__WHAT IS BEING ASKED__: Each line of the records must appear in your answer exactly, with no pictures.
━━━ MATERIAL FOR THIS TASK ━━━
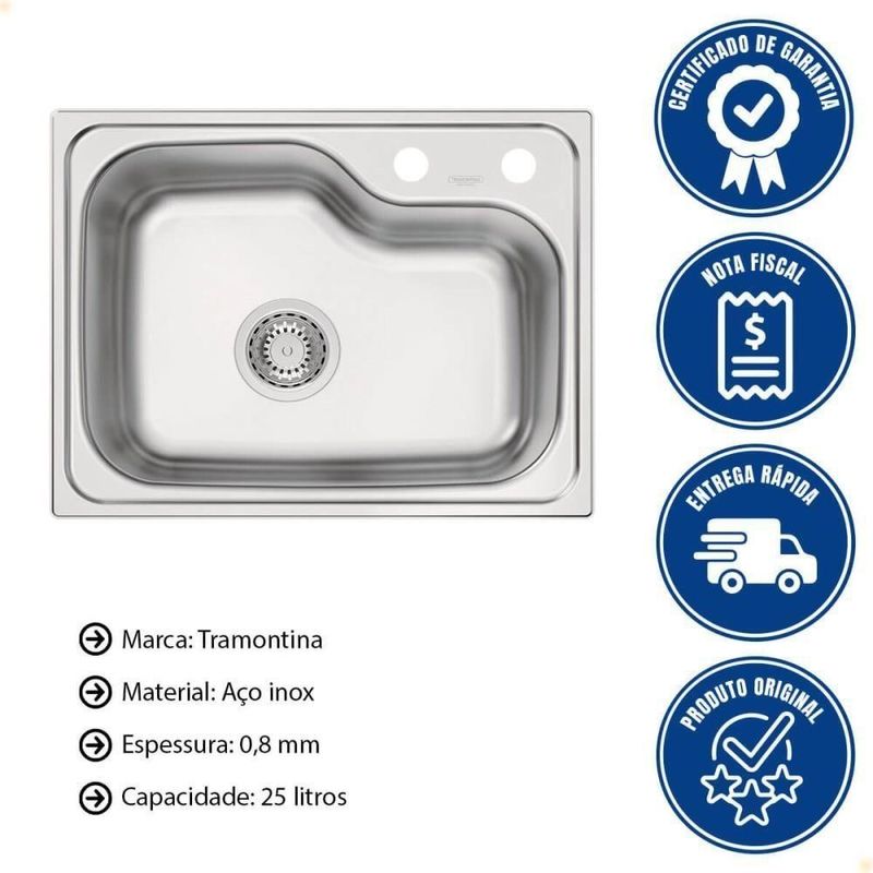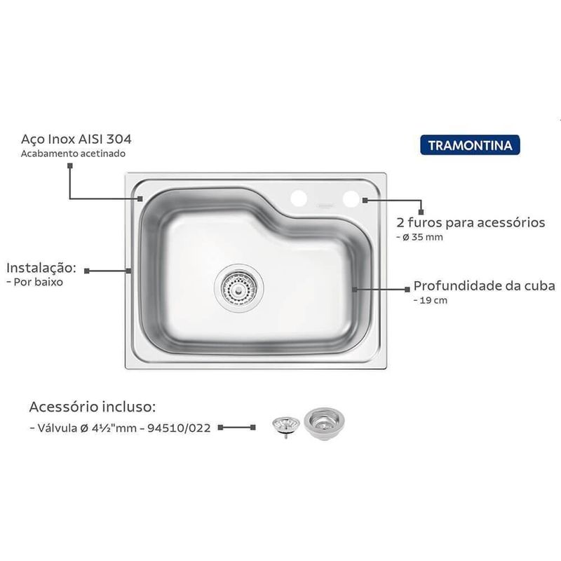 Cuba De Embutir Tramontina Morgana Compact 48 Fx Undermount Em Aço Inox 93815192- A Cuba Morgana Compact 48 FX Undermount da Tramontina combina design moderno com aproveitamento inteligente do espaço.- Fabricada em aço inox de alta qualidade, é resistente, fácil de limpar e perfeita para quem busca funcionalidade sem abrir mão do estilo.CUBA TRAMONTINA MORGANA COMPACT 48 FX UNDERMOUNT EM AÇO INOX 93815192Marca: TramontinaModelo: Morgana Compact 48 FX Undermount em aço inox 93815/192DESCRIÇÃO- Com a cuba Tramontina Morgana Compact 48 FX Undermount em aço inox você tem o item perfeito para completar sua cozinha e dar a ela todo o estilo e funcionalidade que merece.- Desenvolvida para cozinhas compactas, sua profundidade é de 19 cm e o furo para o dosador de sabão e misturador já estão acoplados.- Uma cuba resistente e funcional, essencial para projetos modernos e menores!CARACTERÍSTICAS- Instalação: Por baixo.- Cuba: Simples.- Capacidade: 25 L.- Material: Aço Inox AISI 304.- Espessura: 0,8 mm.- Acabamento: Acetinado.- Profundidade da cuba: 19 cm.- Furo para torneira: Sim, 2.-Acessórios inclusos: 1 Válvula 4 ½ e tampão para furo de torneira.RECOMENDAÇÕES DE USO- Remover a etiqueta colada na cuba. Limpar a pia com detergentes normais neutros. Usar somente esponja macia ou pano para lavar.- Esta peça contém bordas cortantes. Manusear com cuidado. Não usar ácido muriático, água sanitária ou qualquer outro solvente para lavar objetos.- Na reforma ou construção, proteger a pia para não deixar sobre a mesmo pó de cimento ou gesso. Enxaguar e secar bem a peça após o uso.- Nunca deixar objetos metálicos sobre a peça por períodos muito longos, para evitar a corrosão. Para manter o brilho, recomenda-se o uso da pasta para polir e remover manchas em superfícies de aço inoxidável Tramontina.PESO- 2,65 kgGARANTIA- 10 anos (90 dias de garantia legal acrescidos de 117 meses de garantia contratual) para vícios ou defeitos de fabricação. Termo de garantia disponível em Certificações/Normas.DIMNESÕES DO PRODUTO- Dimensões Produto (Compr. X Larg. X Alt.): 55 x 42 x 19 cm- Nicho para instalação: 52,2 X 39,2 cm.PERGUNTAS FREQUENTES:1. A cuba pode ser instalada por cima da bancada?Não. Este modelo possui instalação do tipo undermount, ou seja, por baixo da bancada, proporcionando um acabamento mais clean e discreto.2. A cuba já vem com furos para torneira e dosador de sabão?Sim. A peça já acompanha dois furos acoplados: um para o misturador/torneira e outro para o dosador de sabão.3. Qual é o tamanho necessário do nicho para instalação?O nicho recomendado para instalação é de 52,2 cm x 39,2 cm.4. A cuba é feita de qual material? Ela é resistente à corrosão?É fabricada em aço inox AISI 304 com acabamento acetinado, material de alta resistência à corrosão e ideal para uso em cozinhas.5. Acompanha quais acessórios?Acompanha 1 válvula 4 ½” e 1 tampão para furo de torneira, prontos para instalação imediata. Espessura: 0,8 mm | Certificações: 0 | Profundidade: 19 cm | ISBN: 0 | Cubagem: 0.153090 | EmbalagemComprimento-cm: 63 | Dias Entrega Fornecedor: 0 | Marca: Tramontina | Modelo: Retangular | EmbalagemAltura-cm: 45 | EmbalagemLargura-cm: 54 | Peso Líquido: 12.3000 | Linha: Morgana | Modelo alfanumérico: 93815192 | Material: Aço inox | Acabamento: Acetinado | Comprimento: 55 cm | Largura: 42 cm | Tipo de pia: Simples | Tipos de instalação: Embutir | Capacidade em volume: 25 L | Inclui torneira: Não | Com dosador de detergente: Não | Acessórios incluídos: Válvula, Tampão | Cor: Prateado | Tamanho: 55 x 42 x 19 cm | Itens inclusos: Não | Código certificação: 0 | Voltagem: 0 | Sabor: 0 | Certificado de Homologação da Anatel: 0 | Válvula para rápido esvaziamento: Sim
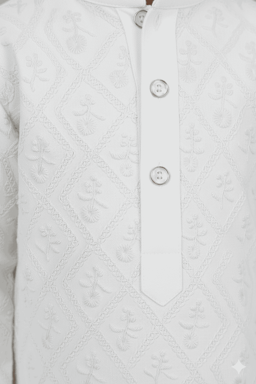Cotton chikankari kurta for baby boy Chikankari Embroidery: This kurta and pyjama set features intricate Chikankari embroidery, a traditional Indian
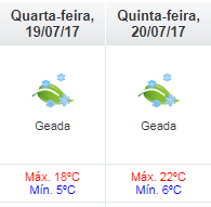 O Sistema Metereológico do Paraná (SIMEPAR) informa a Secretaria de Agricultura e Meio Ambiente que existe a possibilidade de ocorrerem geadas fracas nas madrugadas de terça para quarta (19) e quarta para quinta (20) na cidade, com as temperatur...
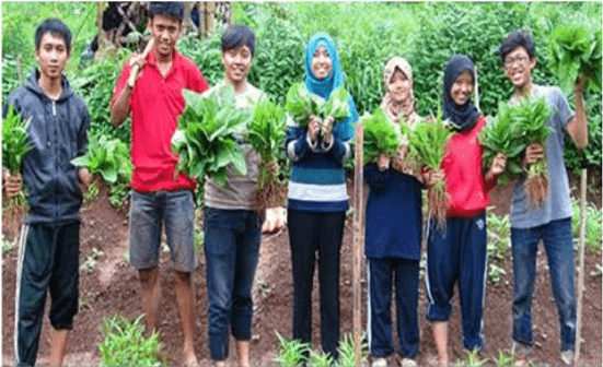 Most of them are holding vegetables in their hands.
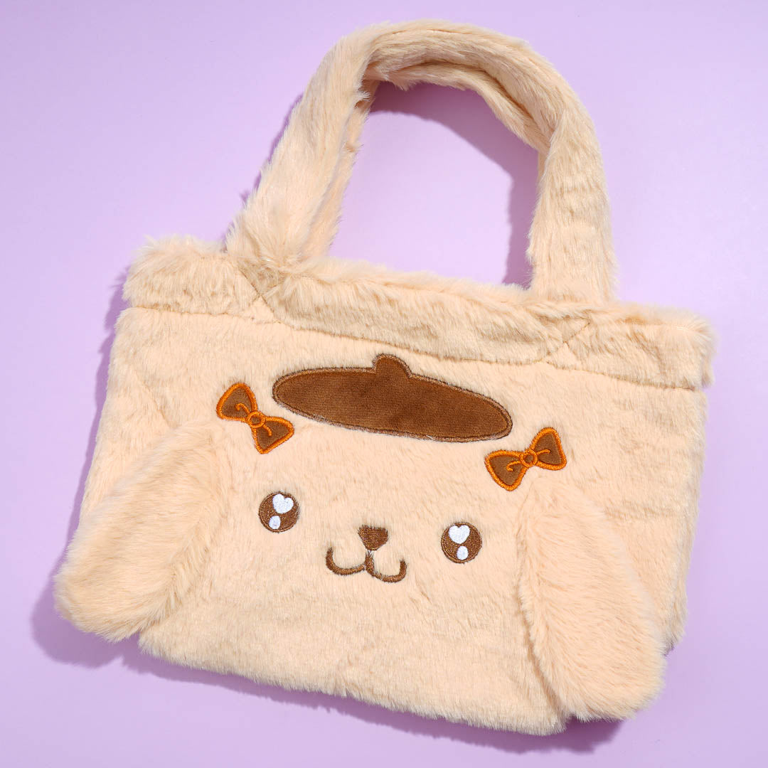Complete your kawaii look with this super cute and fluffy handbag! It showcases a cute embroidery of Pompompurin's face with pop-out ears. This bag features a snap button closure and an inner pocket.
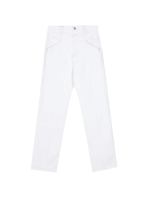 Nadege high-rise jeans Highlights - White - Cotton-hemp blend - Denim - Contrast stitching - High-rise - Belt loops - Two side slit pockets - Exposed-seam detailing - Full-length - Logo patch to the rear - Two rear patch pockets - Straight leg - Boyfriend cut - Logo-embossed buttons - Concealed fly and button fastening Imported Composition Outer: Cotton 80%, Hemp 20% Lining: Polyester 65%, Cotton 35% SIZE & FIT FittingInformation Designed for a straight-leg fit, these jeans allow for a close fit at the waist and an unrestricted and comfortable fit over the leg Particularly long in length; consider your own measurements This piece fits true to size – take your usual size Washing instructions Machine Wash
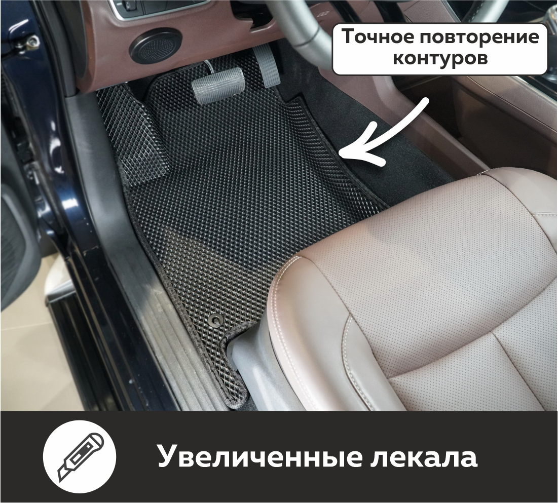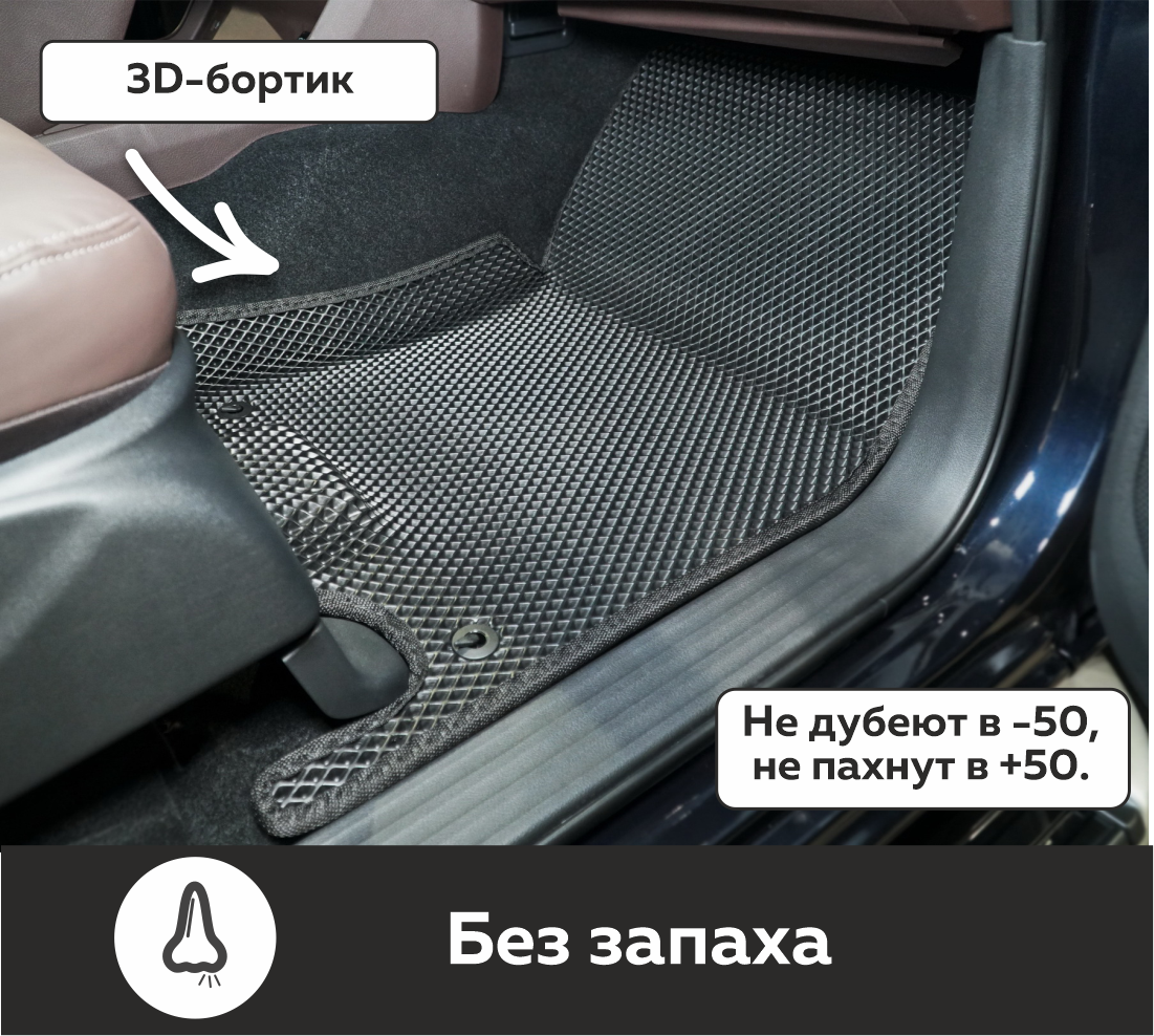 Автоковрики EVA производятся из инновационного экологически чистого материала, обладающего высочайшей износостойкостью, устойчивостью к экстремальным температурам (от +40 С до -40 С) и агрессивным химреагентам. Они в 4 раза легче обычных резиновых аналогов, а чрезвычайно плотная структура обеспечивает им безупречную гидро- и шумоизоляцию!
━━━
__TASK RESULT__:
 Cuba De Embutir Tramontina Morgana Compact 48 Fx Undermount Em Aço Inox 93815192- A Cuba Morgana Compact 48 FX Undermount da Tramontina combina design moderno com aproveitamento inteligente do espaço.- Fabricada em aço inox de alta qualidade, é resistente, fácil de limpar e perfeita para quem busca funcionalidade sem abrir mão do estilo.CUBA TRAMONTINA MORGANA COMPACT 48 FX UNDERMOUNT EM AÇO INOX 93815192Marca: TramontinaModelo: Morgana Compact 48 FX Undermount em aço inox 93815/192DESCRIÇÃO- Com a cuba Tramontina Morgana Compact 48 FX Undermount em aço inox você tem o item perfeito para completar sua cozinha e dar a ela todo o estilo e funcionalidade que merece.- Desenvolvida para cozinhas compactas, sua profundidade é de 19 cm e o furo para o dosador de sabão e misturador já estão acoplados.- Uma cuba resistente e funcional, essencial para projetos modernos e menores!CARACTERÍSTICAS- Instalação: Por baixo.- Cuba: Simples.- Capacidade: 25 L.- Material: Aço Inox AISI 304.- Espessura: 0,8 mm.- Acabamento: Acetinado.- Profundidade da cuba: 19 cm.- Furo para torneira: Sim, 2.-Acessórios inclusos: 1 Válvula 4 ½ e tampão para furo de torneira.RECOMENDAÇÕES DE USO- Remover a etiqueta colada na cuba. Limpar a pia com detergentes normais neutros. Usar somente esponja macia ou pano para lavar.- Esta peça contém bordas cortantes. Manusear com cuidado. Não usar ácido muriático, água sanitária ou qualquer outro solvente para lavar objetos.- Na reforma ou construção, proteger a pia para não deixar sobre a mesmo pó de cimento ou gesso. Enxaguar e secar bem a peça após o uso.- Nunca deixar objetos metálicos sobre a peça por períodos muito longos, para evitar a corrosão. Para manter o brilho, recomenda-se o uso da pasta para polir e remover manchas em superfícies de aço inoxidável Tramontina.PESO- 2,65 kgGARANTIA- 10 anos (90 dias de garantia legal acrescidos de 117 meses de garantia contratual) para vícios ou defeitos de fabricação. Termo de garantia disponível em Certificações/Normas.DIMNESÕES DO PRODUTO- Dimensões Produto (Compr. X Larg. X Alt.): 55 x 42 x 19 cm- Nicho para instalação: 52,2 X 39,2 cm.PERGUNTAS FREQUENTES:1. A cuba pode ser instalada por cima da bancada?Não. Este modelo possui instalação do tipo undermount, ou seja, por baixo da bancada, proporcionando um acabamento mais clean e discreto.2. A cuba já vem com furos para torneira e dosador de sabão?Sim. A peça já acompanha dois furos acoplados: um para o misturador/torneira e outro para o dosador de sabão.3. Qual é o tamanho necessário do nicho para instalação?O nicho recomendado para instalação é de 52,2 cm x 39,2 cm.4. A cuba é feita de qual material? Ela é resistente à corrosão?É fabricada em aço inox AISI 304 com acabamento acetinado, material de alta resistência à corrosão e ideal para uso em cozinhas.5. Acompanha quais acessórios?Acompanha 1 válvula 4 ½” e 1 tampão para furo de torneira, prontos para instalação imediata. Espessura: 0,8 mm | Certificações: 0 | Profundidade: 19 cm | ISBN: 0 | Cubagem: 0.153090 | EmbalagemComprimento-cm: 63 | Dias Entrega Fornecedor: 0 | Marca: Tramontina | Modelo: Retangular | EmbalagemAltura-cm: 45 | EmbalagemLargura-cm: 54 | Peso Líquido: 12.3000 | Linha: Morgana | Modelo alfanumérico: 93815192 | Material: Aço inox | Acabamento: Acetinado | Comprimento: 55 cm | Largura: 42 cm | Tipo de pia: Simples | Tipos de instalação: Embutir | Capacidade em volume: 25 L | Inclui torneira: Não | Com dosador de detergente: Não | Acessórios incluídos: Válvula, Tampão | Cor: Prateado | Tamanho: 55 x 42 x 19 cm | Itens inclusos: Não | Código certificação: 0 | Voltagem: 0 | Sabor: 0 | Certificado de Homologação da Anatel: 0 | Válvula para rápido esvaziamento: Sim
Cotton chikankari kurta for baby boy Chikankari Embroidery: This kurta and pyjama set features intricate Chikankari embroidery, a traditional Indian
 O Sistema Metereológico do Paraná (SIMEPAR) informa a Secretaria de Agricultura e Meio Ambiente que existe a possibilidade de ocorrerem geadas fracas nas madrugadas de terça para quarta (19) e quarta para quinta (20) na cidade, com as temperatur...
 Most of them are holding vegetables in their hands.
Complete your kawaii look with this super cute and fluffy handbag! It showcases a cute embroidery of Pompompurin's face with pop-out ears. This bag features a snap button closure and an inner pocket.
 Nadege high-rise jeans Highlights - White - Cotton-hemp blend - Denim - Contrast stitching - High-rise - Belt loops - Two side slit pockets - Exposed-seam detailing - Full-length - Logo patch to the rear - Two rear patch pockets - Straight leg - Boyfriend cut - Logo-embossed buttons - Concealed fly and button fastening Imported Composition Outer: Cotton 80%, Hemp 20% Lining: Polyester 65%, Cotton 35% SIZE & FIT FittingInformation Designed for a straight-leg fit, these jeans allow for a close fit at the waist and an unrestricted and comfortable fit over the leg Particularly long in length; consider your own measurements This piece fits true to size – take your usual size Washing instructions Machine Wash
 Автоковрики EVA производятся из инновационного экологически чистого материала, обладающего высочайшей износостойкостью, устойчивостью к экстремальным температурам (от +40 С до -40 С) и агрессивным химреагентам. Они в 4 раза легче обычных резиновых аналогов, а чрезвычайно плотная структура обеспечивает им безупречную гидро- и шумоизоляцию!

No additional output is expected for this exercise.